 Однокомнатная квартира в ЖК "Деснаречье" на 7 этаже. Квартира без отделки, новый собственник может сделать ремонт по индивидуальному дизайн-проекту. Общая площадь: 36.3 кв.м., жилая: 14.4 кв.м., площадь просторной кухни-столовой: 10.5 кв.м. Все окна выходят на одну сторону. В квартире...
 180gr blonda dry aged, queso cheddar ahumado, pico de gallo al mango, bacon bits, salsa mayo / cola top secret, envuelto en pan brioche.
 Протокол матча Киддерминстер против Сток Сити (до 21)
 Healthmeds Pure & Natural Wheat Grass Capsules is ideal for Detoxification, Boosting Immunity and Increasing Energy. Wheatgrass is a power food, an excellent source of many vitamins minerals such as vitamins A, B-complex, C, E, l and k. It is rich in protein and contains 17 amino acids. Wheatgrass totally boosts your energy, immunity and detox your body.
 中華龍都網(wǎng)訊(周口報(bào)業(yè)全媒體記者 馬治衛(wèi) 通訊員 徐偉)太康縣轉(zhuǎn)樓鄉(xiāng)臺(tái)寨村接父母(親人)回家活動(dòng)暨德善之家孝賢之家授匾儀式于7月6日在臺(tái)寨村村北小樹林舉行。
- - -
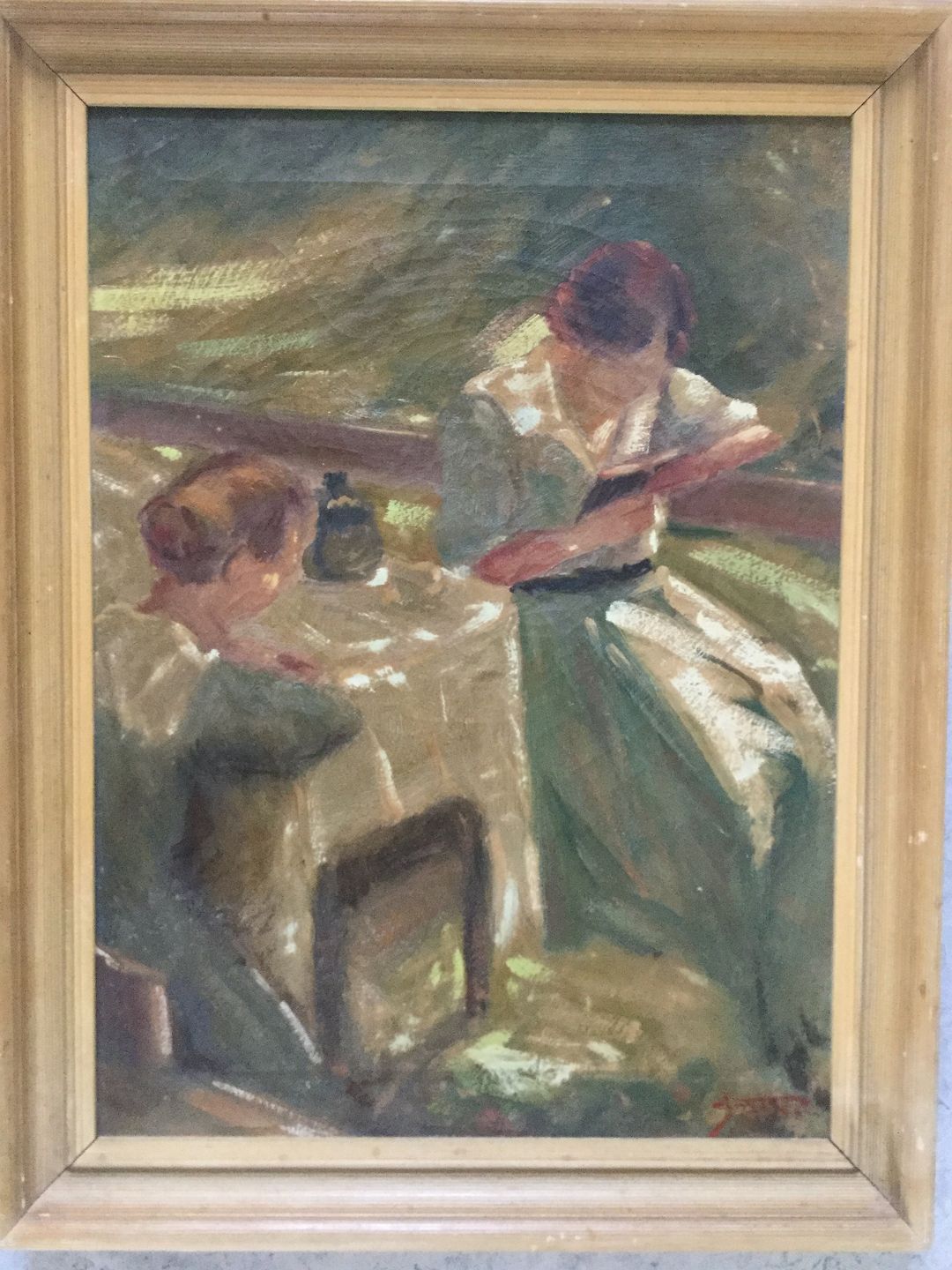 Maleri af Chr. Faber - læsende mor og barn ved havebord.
- - -
THE PROBLEM: From the line holding "180gr blonda dry" to the line holding "中華龍都網(wǎng)訊(周口報(bào)業(yè)全媒體記者 馬治衛(wèi) 通訊員", inclusive, restate each line above exactly as written.

RESULT:
 180gr blonda dry aged, queso cheddar ahumado, pico de gallo al mango, bacon bits, salsa mayo / cola top secret, envuelto en pan brioche.
 Протокол матча Киддерминстер против Сток Сити (до 21)
 Healthmeds Pure & Natural Wheat Grass Capsules is ideal for Detoxification, Boosting Immunity and Increasing Energy. Wheatgrass is a power food, an excellent source of many vitamins minerals such as vitamins A, B-complex, C, E, l and k. It is rich in protein and contains 17 amino acids. Wheatgrass totally boosts your energy, immunity and detox your body.
 中華龍都網(wǎng)訊(周口報(bào)業(yè)全媒體記者 馬治衛(wèi) 通訊員 徐偉)太康縣轉(zhuǎn)樓鄉(xiāng)臺(tái)寨村接父母(親人)回家活動(dòng)暨德善之家孝賢之家授匾儀式于7月6日在臺(tái)寨村村北小樹林舉行。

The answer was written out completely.